Exercise instructions | Nothing but the lines from the top of the data to the line holding "ソファでゆったりと寛ぐ一人暮らしの部屋" should be printed, word for word and both ends included; leave the pictures out.
>>
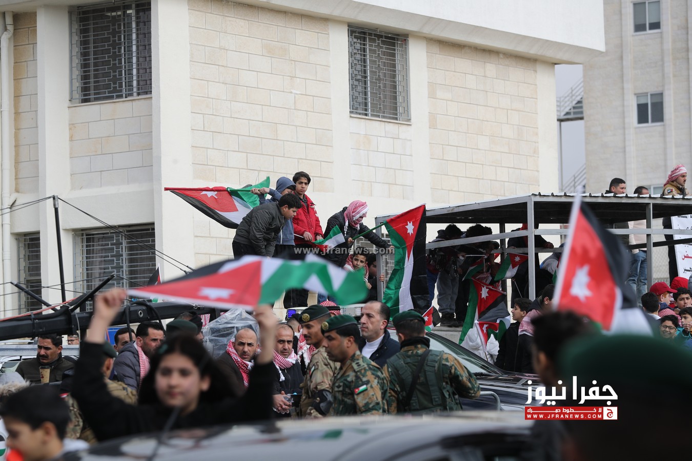 رصدت عدسة "جفرا نيوز"، الاستقبال الشعبي الحاشد لجلالة الملك عبدالله الثاني وولي العهد الأمير الحسين، فور وصولهما إلى مطار ماركا بعد زيارة عمل إلى الولايات المتحدة الأميركية.
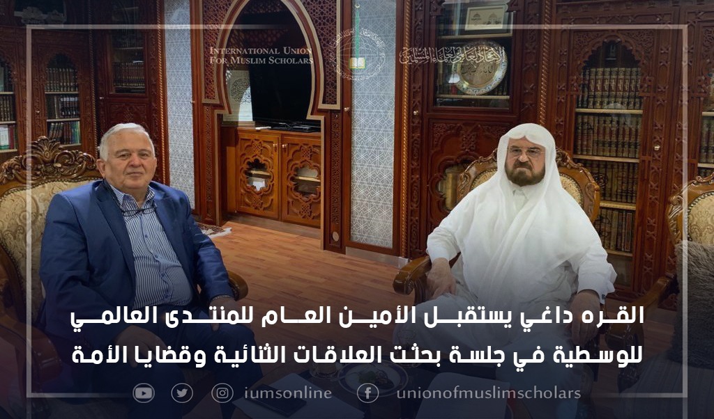استقبل فضيلة الشيخ علي القره داغي الأمين العام للاتحاد العالمي لعلماء المسلمين، المهندس مروان الفاعوري الأمين العام للمنتدى العالمي للوسطية، بهدف عرض مشروع المنتدى الجديد حول تنظيم مؤتمر دولي بعنوان: “القدس توحدنا”
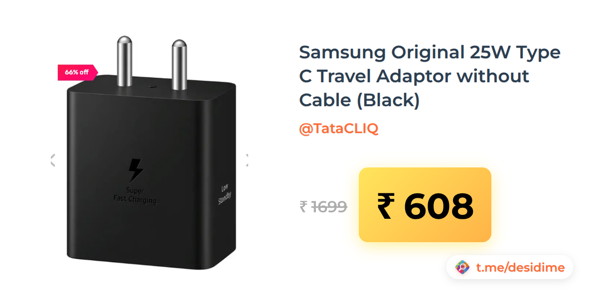 64% off on - Samsung Original 25W Type C Travel Adaptor without Cable (Black) - Rs. 608
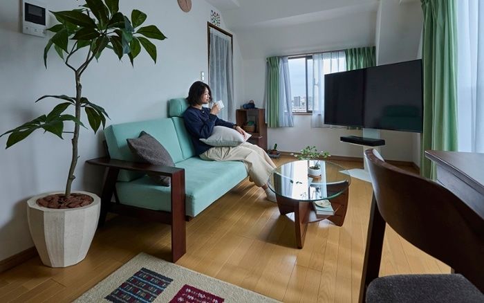 ソファでゆったりと寛ぐ一人暮らしの部屋
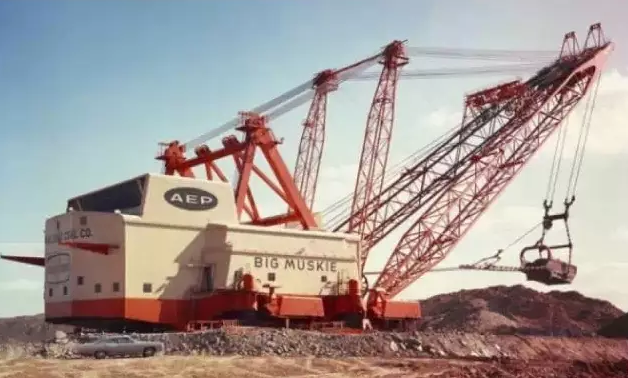 BIG MUSKIE官方編號為BE-4250W,是迄今最大的步進(jìn)式拉鏟,1967年B-E開始為美國的一個(gè)露天煤礦建造它,直至1969年5月建成并投入使用,當(dāng)時(shí)的制造費(fèi)用為2500萬美元,專門用于土石剝離。它有22層樓高,用13800V高壓電驅(qū)動(dòng),僅空鏟斗的重量就有209噸;1991年Big Muskie因礦區(qū)采空而停止運(yùn)行,1999年爆破拆解,僅鏟斗留存下來。有卡車對比圖哦~
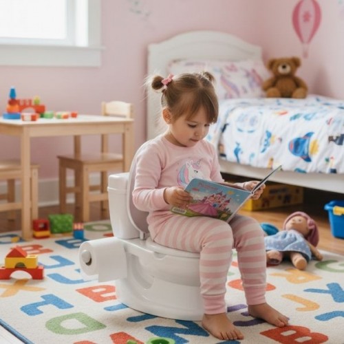 Gerçek tuvalet görünümüne sahip olan bu lazımlık, su sesi efektli sifonu ve ışıklı özellikleri sayesinde çocukların ilgisini çekiyor. Minikler, sifonu çekmeyi oyun gibi görerek tuvalet eğitimine daha kolay adapte oluyor.
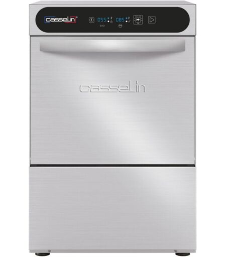 Lave-verres professionnel A350U Conçu avec un châssis et des parois en acier inox AISI 18/10, garantissant une robustesse et une durabilité exceptionnelles, cet appareil est équipé de bras de lavage et de rinçage en acier inox, offrant un nettoyage efficace et hygiénique. La porte à double paroi améliore l'isolation thermique, tandis qu'un contact de sécurité sur la porte assure une utilisation sécurisée. Le lave-verres est conçu pour accueillir des paniers de 350 x 350 mm et est doté d'une résistance de cuve et d'un surchauffeur en Incoly, avec une puissance de 2 600 W pour la cuve et de 2 500 W pour le surchauffeur. Son alimentation électrique est de 230 V à 50 Hz, et il consomme seulement 2 litres d'eau par cycle, tout en ayant une capacité de 13 litres dans la cuve. Les doseurs électriques réglables pour le détergent et le produit de rinçage permettent un ajustement précis des produits de nettoyage pour un résultat optimal. Avec un raccord pour l'eau G3/4M et un écoulement de Ø 25 ...
<<
Solution to the exercise |
 رصدت عدسة "جفرا نيوز"، الاستقبال الشعبي الحاشد لجلالة الملك عبدالله الثاني وولي العهد الأمير الحسين، فور وصولهما إلى مطار ماركا بعد زيارة عمل إلى الولايات المتحدة الأميركية.
استقبل فضيلة الشيخ علي القره داغي الأمين العام للاتحاد العالمي لعلماء المسلمين، المهندس مروان الفاعوري الأمين العام للمنتدى العالمي للوسطية، بهدف عرض مشروع المنتدى الجديد حول تنظيم مؤتمر دولي بعنوان: “القدس توحدنا”
 64% off on - Samsung Original 25W Type C Travel Adaptor without Cable (Black) - Rs. 608
 ソファでゆったりと寛ぐ一人暮らしの部屋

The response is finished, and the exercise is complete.